Your goal:
Would you please retype, exactly, the lines of the listing below between the line with "보장해 드리며, 예상매입약정가가 어떻게 결정이 되었는 지 ‘다음’을 클릭하여" and the line with "男性向けラノベタイトル風あだ名 | 『すごろくらぐびーぶ~年齢イコール彼女いない歴の魔法使い~』 |", inclusive?

Data for analysis:
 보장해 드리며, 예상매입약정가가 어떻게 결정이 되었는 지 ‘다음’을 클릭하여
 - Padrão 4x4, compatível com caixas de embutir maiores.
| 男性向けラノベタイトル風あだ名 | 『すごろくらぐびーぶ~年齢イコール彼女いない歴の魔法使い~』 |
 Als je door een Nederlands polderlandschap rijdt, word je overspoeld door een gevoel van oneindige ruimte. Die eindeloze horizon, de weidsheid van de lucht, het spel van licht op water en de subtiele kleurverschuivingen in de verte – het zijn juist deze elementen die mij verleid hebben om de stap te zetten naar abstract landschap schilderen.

---

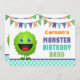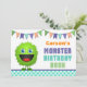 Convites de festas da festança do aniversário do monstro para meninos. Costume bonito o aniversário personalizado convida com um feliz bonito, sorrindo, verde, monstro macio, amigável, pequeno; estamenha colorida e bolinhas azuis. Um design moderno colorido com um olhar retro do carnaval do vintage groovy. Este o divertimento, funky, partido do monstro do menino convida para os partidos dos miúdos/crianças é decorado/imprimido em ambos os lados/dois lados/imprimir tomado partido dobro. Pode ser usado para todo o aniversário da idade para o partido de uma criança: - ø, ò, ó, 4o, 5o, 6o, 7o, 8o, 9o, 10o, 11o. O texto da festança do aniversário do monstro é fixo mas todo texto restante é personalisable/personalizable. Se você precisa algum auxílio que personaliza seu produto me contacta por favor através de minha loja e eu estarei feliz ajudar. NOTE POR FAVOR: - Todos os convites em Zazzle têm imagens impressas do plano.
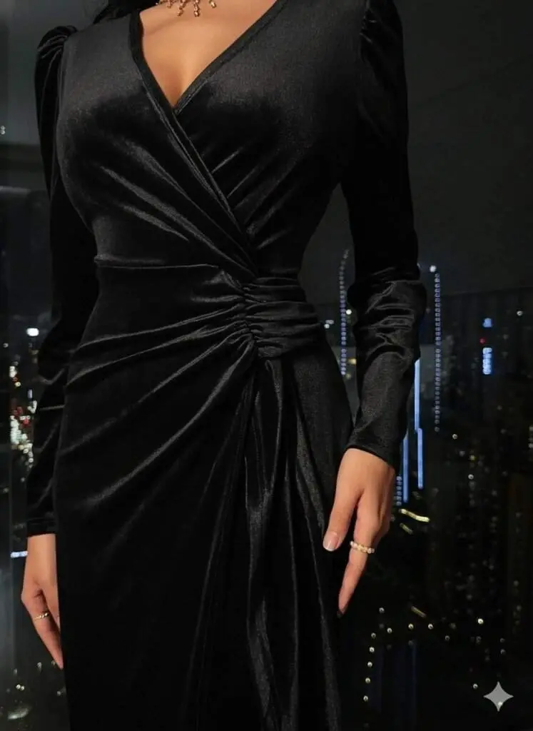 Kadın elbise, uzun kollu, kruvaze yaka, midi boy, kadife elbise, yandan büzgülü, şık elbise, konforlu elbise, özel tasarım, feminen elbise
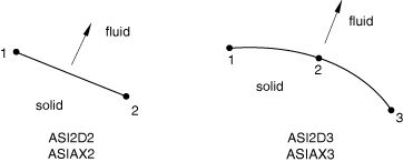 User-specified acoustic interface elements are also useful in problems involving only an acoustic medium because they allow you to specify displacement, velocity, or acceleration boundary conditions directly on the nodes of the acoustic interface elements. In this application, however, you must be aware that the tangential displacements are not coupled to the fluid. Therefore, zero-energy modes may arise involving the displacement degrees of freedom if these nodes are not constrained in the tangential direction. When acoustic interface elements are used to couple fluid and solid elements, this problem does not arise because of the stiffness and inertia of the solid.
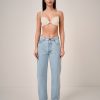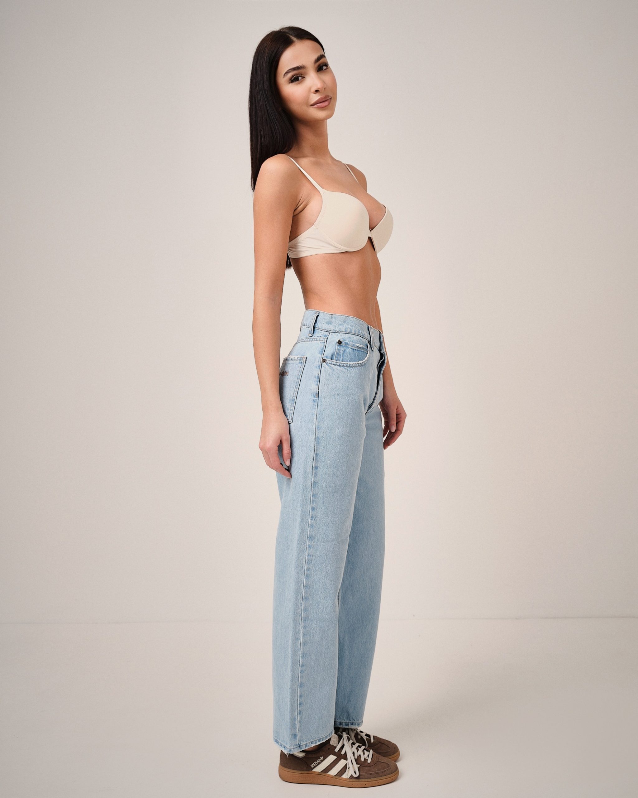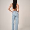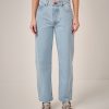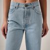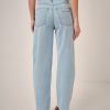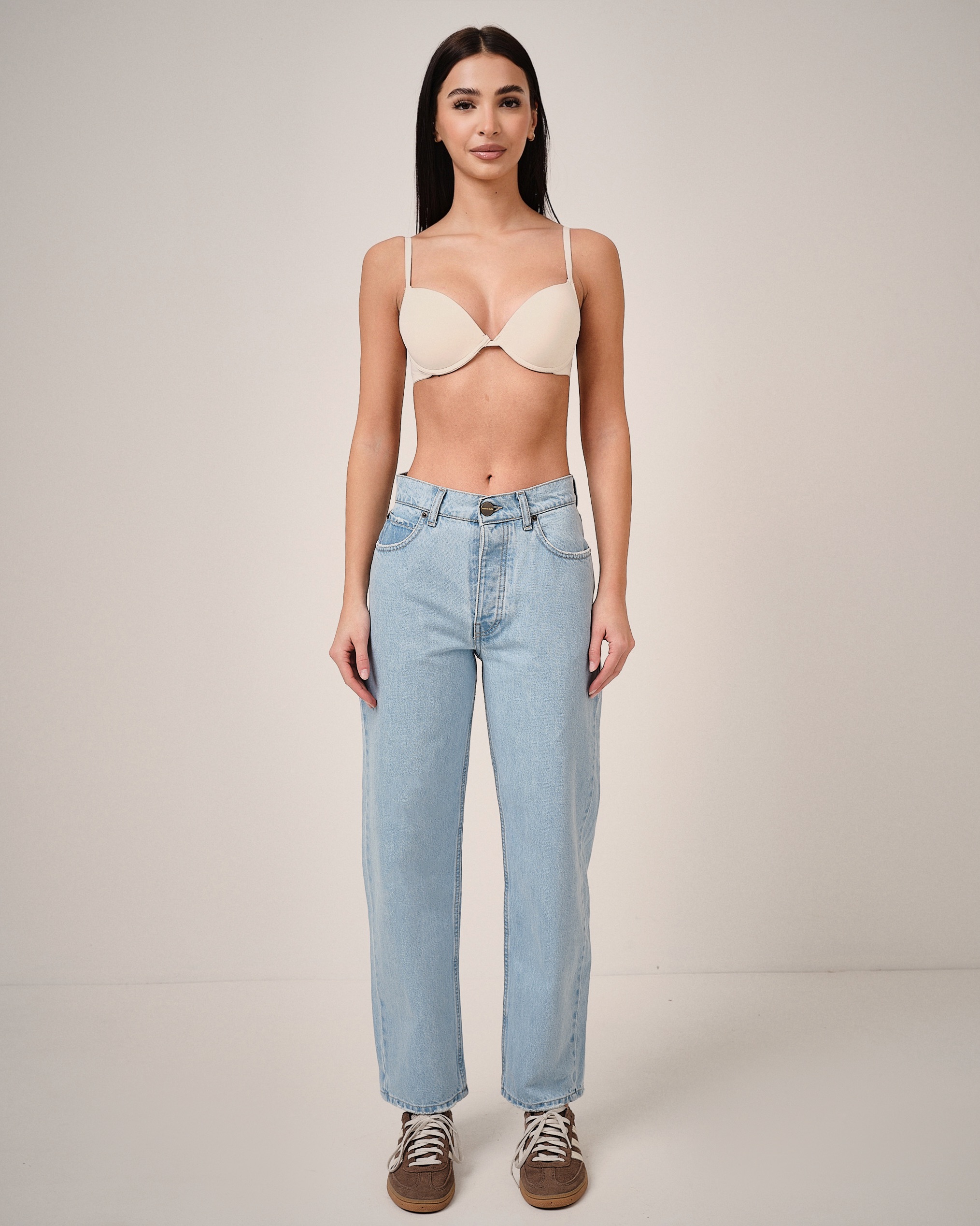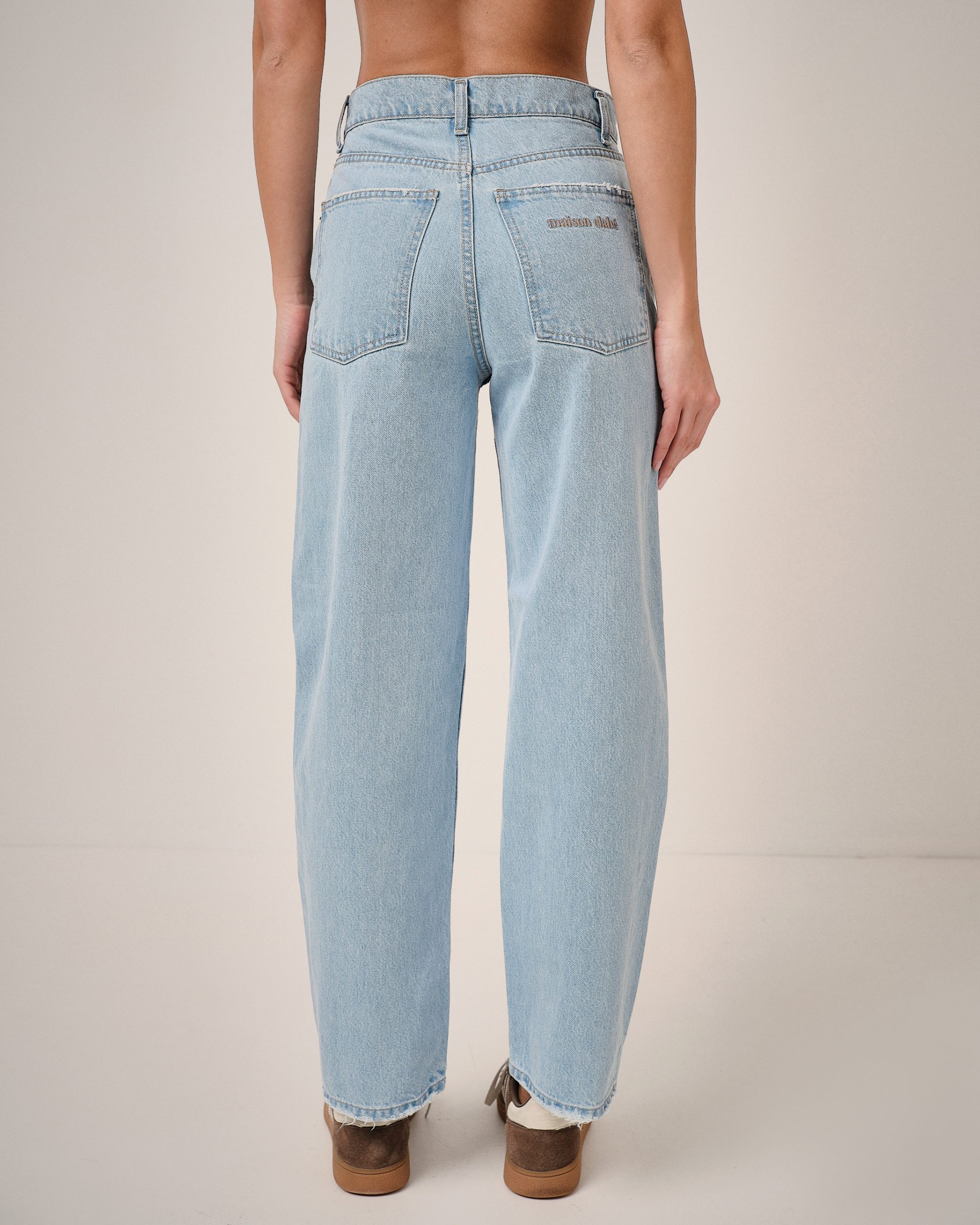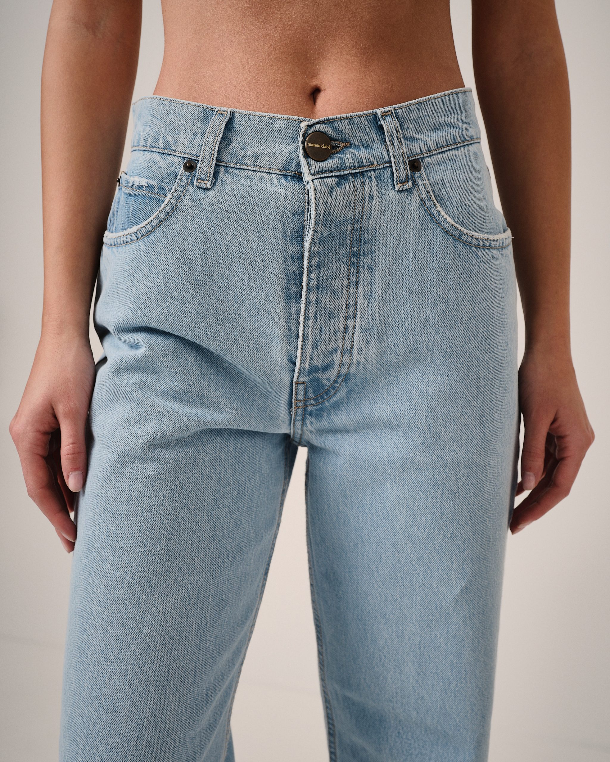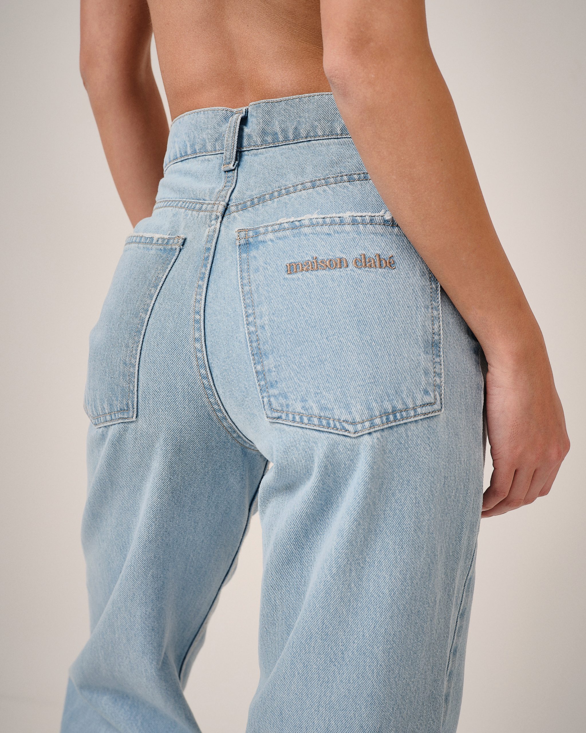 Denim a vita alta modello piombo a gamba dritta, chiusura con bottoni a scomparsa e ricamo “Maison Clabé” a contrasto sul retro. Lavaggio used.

* * *

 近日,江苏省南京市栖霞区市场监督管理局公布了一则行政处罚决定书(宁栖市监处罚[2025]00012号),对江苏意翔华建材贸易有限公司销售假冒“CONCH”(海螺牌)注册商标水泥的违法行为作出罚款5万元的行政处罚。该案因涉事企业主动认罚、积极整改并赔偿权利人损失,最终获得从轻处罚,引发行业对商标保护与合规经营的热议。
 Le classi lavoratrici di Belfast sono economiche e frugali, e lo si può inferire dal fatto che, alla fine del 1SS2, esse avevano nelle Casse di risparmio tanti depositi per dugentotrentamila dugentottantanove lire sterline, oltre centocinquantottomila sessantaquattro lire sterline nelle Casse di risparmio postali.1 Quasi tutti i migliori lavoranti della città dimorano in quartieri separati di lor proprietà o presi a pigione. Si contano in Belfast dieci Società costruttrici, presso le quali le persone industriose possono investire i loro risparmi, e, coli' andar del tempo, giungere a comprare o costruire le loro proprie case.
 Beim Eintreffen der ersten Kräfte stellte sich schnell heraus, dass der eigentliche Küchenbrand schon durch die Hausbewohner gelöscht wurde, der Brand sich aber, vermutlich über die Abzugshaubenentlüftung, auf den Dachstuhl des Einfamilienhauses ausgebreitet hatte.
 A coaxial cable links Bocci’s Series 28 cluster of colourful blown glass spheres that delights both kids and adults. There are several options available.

The answer:
 보장해 드리며, 예상매입약정가가 어떻게 결정이 되었는 지 ‘다음’을 클릭하여
 - Padrão 4x4, compatível com caixas de embutir maiores.
| 男性向けラノベタイトル風あだ名 | 『すごろくらぐびーぶ~年齢イコール彼女いない歴の魔法使い~』 |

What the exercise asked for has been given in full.